More generally, a critically-sampled, analysis multi-band filter bank with $M$ channels ($M=2$ for the DWT) is composed of $M$ filters $H_m$ in parallel, followed by downsampling factors $k_m$, such that $\sum_{m\in\{1\ldots M\}} 1/k_m=1$.

Invertible filter banks require the existence of a perfect synthesis filter bank. It is composed of $M$ filters $G_m$ in parallel, combined onto an output, preceded by the corresponding upsampling factors $k_m$. Input and output thus have the same global number of samples.
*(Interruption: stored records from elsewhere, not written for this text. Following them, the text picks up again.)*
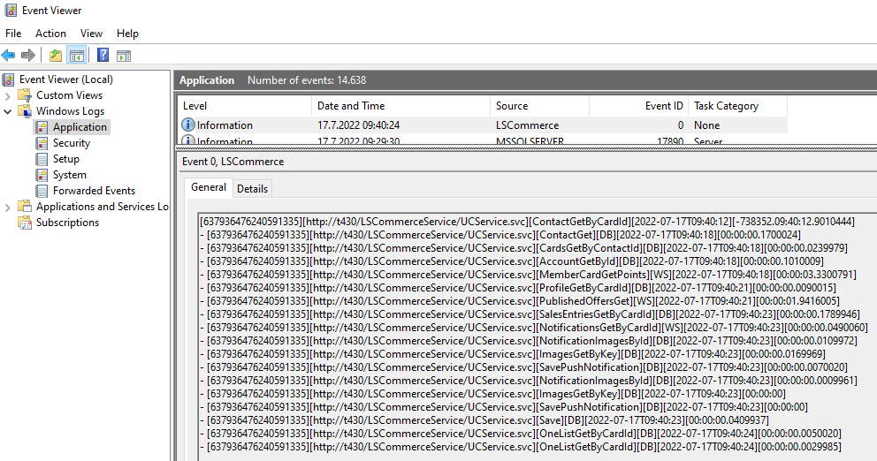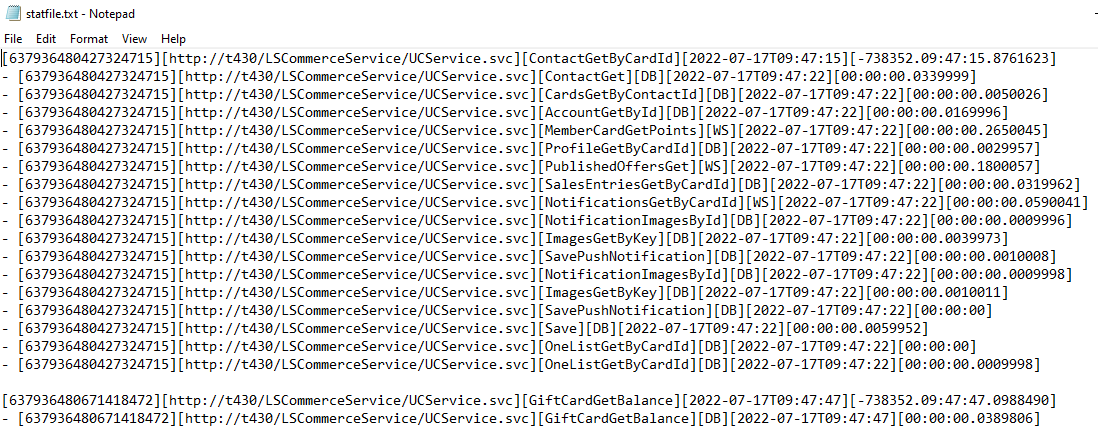 To analyze performance and the time it takes for a function to run, you can turn on statistic logging. Logging can be done to a statfile.txt that will be located in the C:\LS Retail\LSCommerce\LSCommerceService\logs folder or to the Application folder in Event Viewer.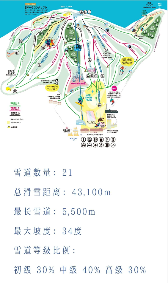 日本安比高原被称为“阿斯匹林粉雪”的故乡,因其雪道人少,缆车不用排队闻名。一天能从早滑到晚,夜场开到9点,体力够的话,一天能滑十多趟,绝对的滑回成本。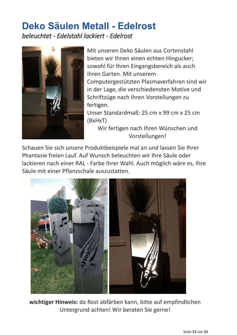 Phantasie freien Lauf. Auf Wunsch beleuchten wir Ihre Säule oder
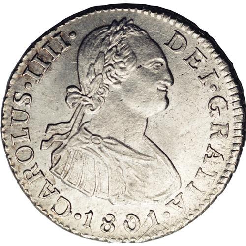 Carlos IV 2 Reales 1801-IJ, KM95, MS64 NGC, a remarkabl Carlos IV 2 Reales 1801-IJ,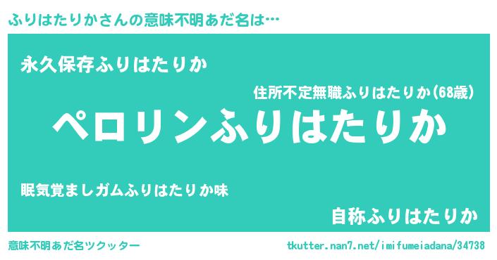 | ヘコむあだ名 | 『ふりっふぃ~』『ふりはたりか(笑)』 |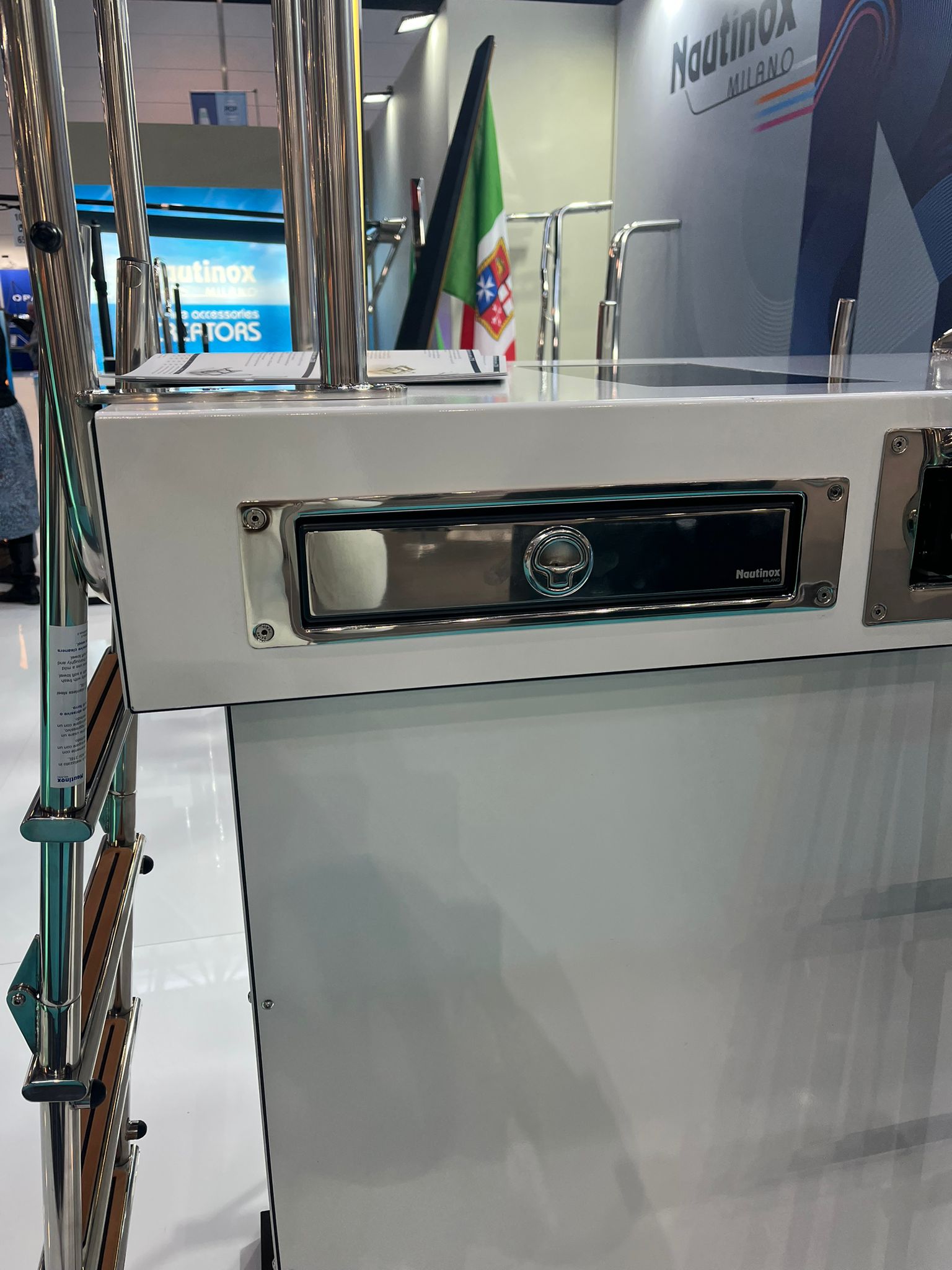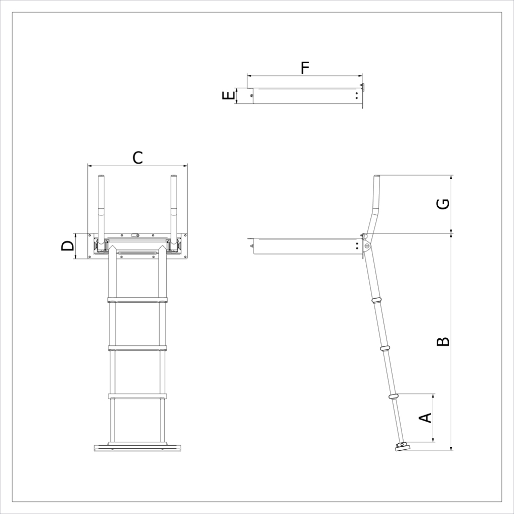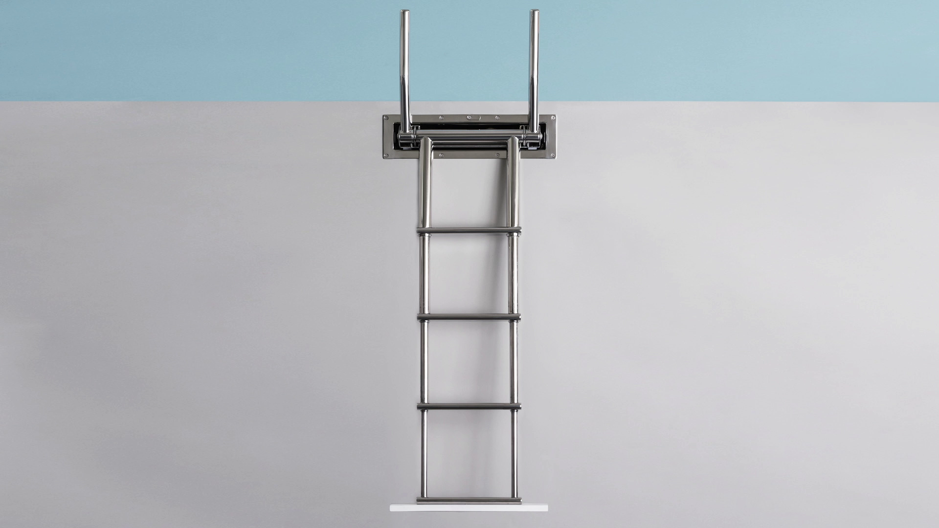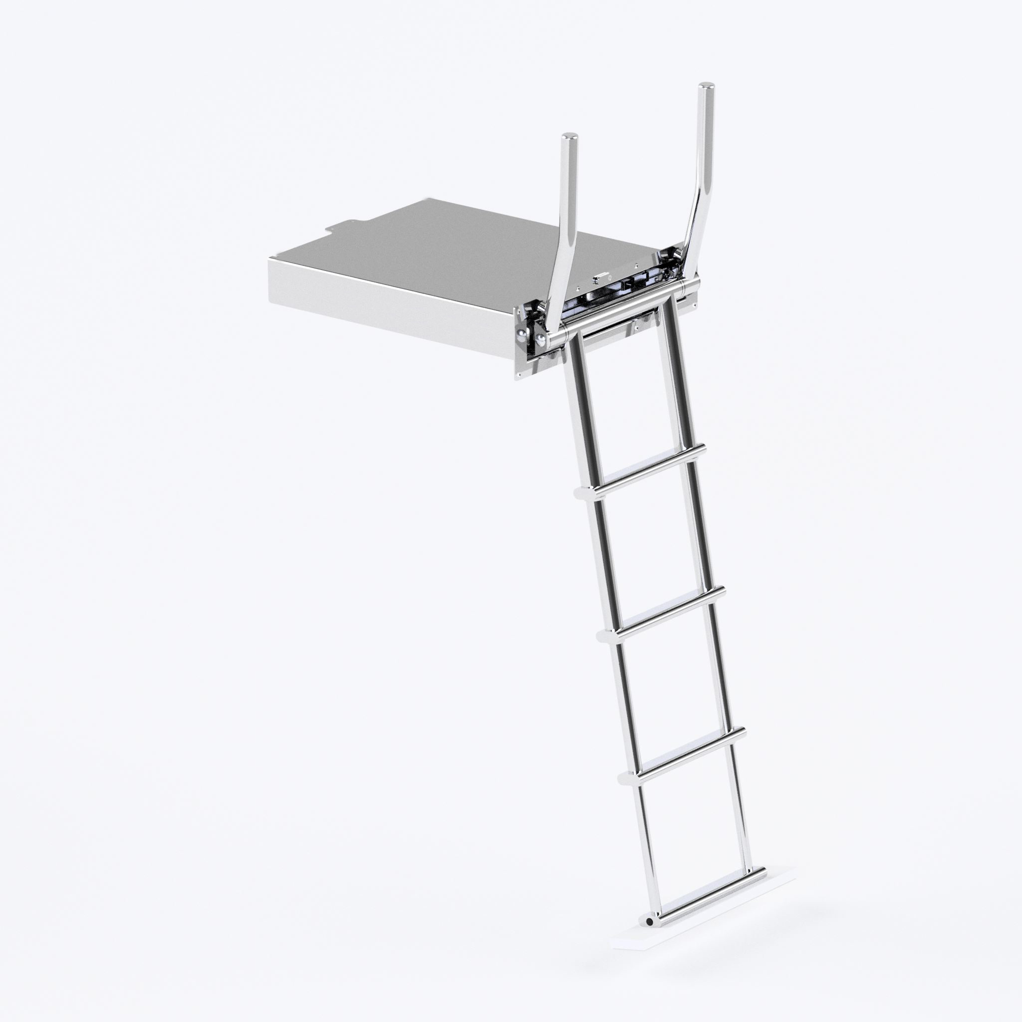 Scala telescopica ad incasso in scatola stagna con maniglie di risalita retrattili a scomparsa. Le maniglie di risalita integrate si alzano ed abbassano automaticamente ruotando la scala, facilitando la risalita dall’acqua ed il recupero della scala aperta dalla plancia. La scatola stagna da incasso richiede uno spazio di montaggio estremamente ridotto è dotata di uno sportello di chiusura per evitare l’apertura accidentale della scala durante la navigazione; è possibile scegliere tra laccio di chiusura oppure maniglia frontale incassata (versione MN) . Peso della scala circa Kg25

But information is not lost only if certain conditions on the $H_m$ and $G_m$ are met.

Of course, with $M=1$, no subsampling is required (no aliasing), but if $H_1$ is not invertible, you will loose information. Moreover, if $H_1$ is FIR, is inverse is not (except for trivial cases).

The magic of wavelets is that, with $M=2$, there are many pairs of FIR filters such that, even if you downsample their output by $2$ and create aliasing, FIR synthesis filter bank exist. So 2-fold downsampling creates aliasing on both the low-pass and the high pass filter outputs (in fact, the high-pass output is shifted to the lower part of the spectrum). But the synthesis filter bank can cancel this aliasing.

Finally, for some well-chosen analysis and synthesis filters, even if aliasing occur in the middle, it is finally cancelled, Nyquist remains fulfilled.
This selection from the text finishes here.